## PROBLEM STATEMENT
Copy out each line from the material where the word "busa" is found.

## RECORDS PROVIDED
──────

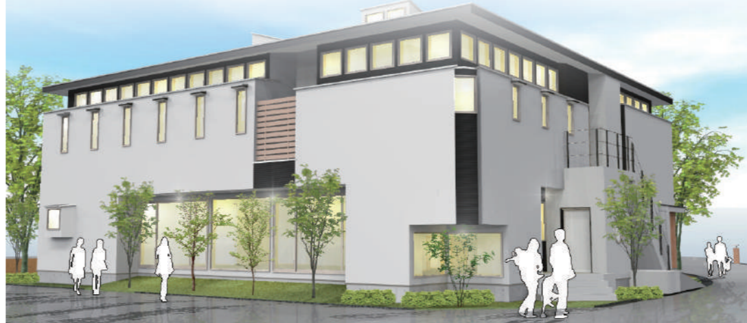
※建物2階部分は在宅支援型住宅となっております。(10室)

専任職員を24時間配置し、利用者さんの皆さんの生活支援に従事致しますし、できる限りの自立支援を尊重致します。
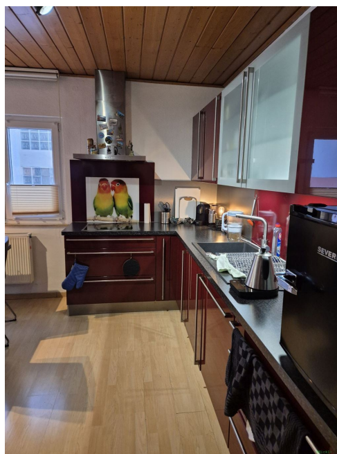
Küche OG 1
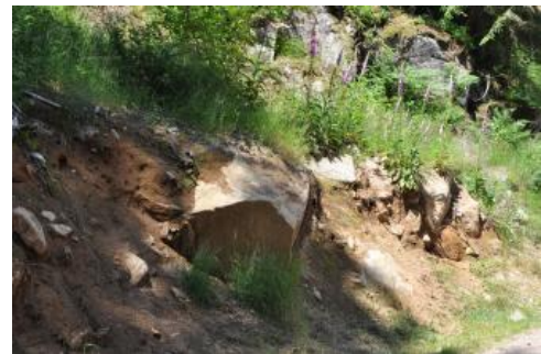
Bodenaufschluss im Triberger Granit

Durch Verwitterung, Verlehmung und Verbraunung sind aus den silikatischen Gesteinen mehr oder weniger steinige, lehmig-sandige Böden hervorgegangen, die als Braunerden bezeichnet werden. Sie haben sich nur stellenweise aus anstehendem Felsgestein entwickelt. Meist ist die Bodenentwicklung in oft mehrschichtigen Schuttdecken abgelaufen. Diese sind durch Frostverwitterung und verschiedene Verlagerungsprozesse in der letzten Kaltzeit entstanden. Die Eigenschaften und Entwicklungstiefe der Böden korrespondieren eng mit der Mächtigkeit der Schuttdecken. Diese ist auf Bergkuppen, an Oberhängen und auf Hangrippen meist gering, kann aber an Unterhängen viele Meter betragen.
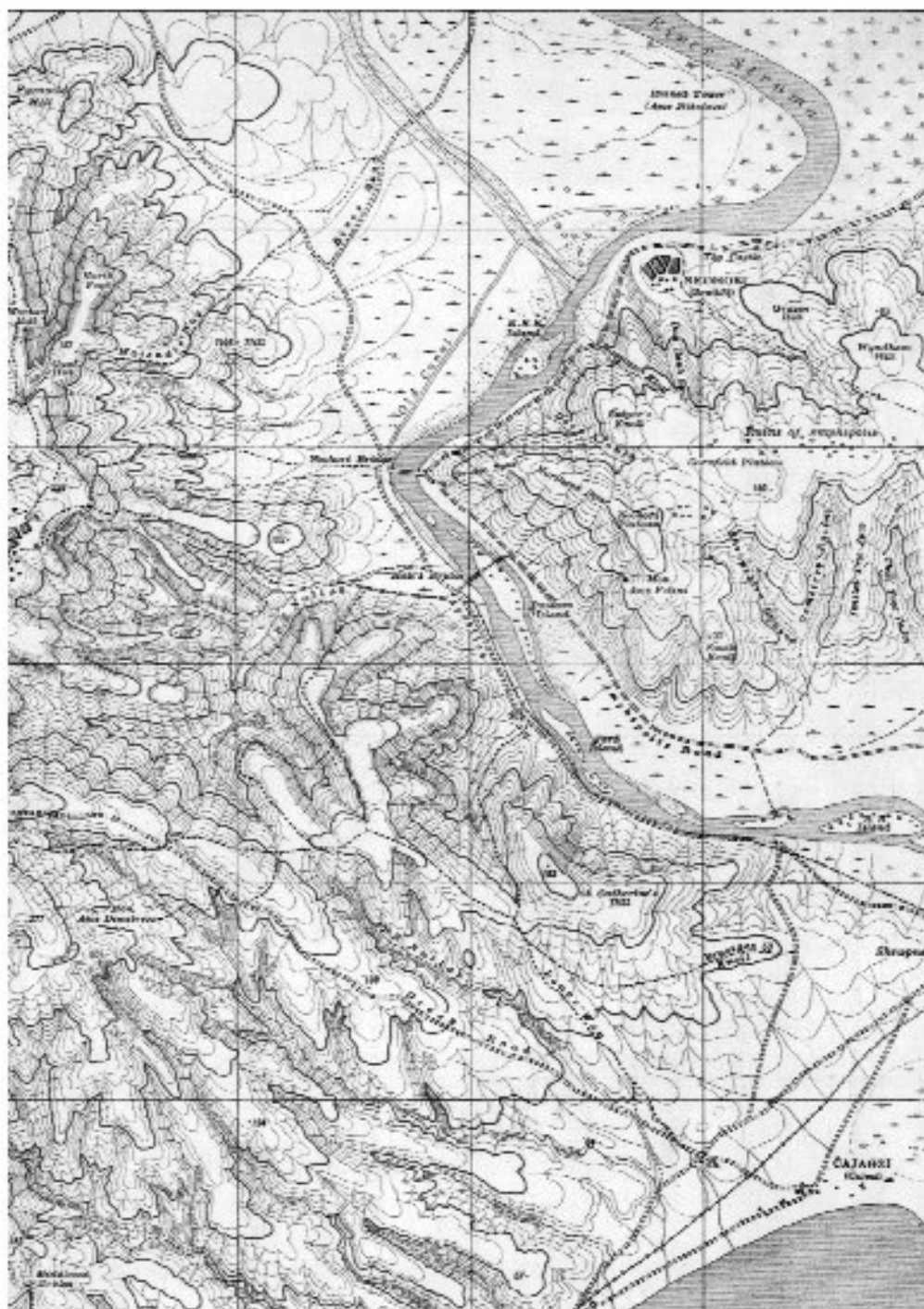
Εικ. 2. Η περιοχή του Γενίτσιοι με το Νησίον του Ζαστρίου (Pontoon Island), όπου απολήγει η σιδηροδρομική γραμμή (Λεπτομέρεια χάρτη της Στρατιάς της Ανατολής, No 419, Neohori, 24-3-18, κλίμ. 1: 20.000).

──────

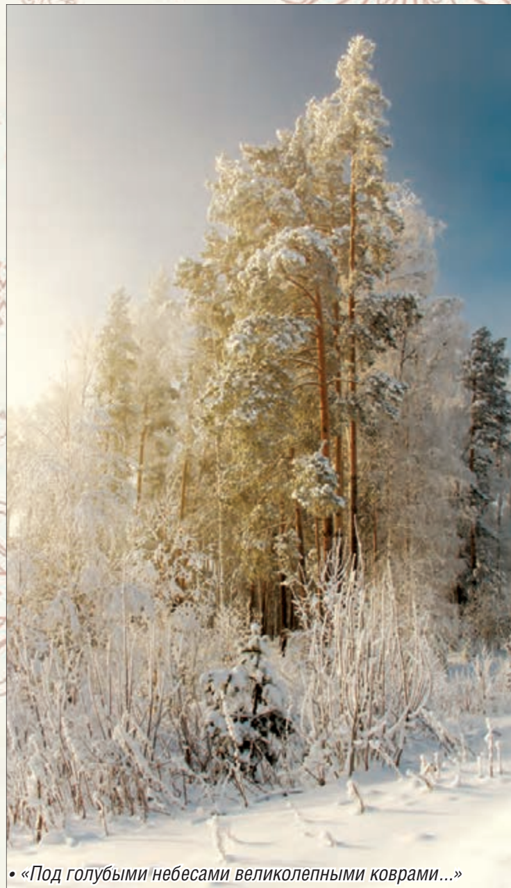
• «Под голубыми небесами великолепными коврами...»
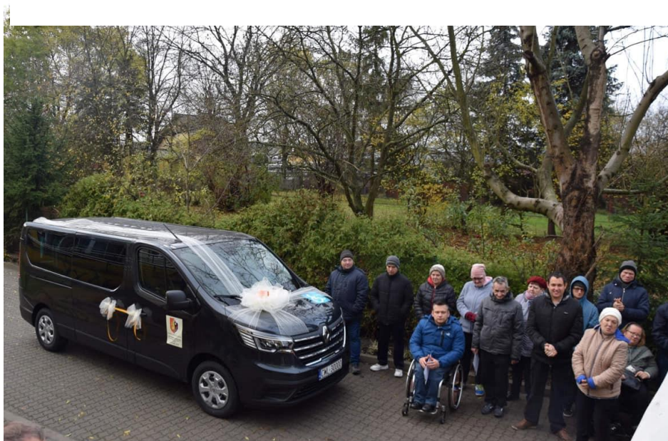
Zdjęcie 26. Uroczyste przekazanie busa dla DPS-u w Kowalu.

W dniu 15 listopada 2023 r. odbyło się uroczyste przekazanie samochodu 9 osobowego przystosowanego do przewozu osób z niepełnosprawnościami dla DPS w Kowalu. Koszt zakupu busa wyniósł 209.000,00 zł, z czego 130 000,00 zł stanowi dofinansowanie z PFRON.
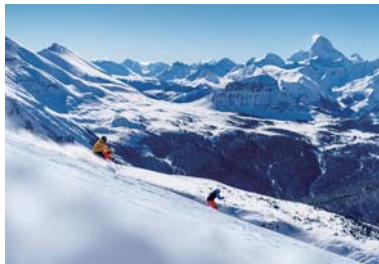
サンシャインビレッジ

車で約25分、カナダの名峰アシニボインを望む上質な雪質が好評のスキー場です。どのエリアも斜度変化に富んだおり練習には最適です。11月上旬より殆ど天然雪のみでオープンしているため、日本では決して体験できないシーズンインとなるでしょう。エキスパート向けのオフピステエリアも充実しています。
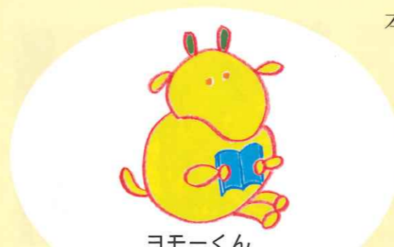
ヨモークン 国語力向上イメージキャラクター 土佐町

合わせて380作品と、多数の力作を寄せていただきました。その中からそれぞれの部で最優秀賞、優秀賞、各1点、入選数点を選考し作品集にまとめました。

──────

## RESULT OF THIS EXERCISE
Zdjęcie 26. Uroczyste przekazanie busa dla DPS-u w Kowalu.
W dniu 15 listopada 2023 r. odbyło się uroczyste przekazanie samochodu 9 osobowego przystosowanego do przewozu osób z niepełnosprawnościami dla DPS w Kowalu. Koszt zakupu busa wyniósł 209.000,00 zł, z czego 130 000,00 zł stanowi dofinansowanie z PFRON.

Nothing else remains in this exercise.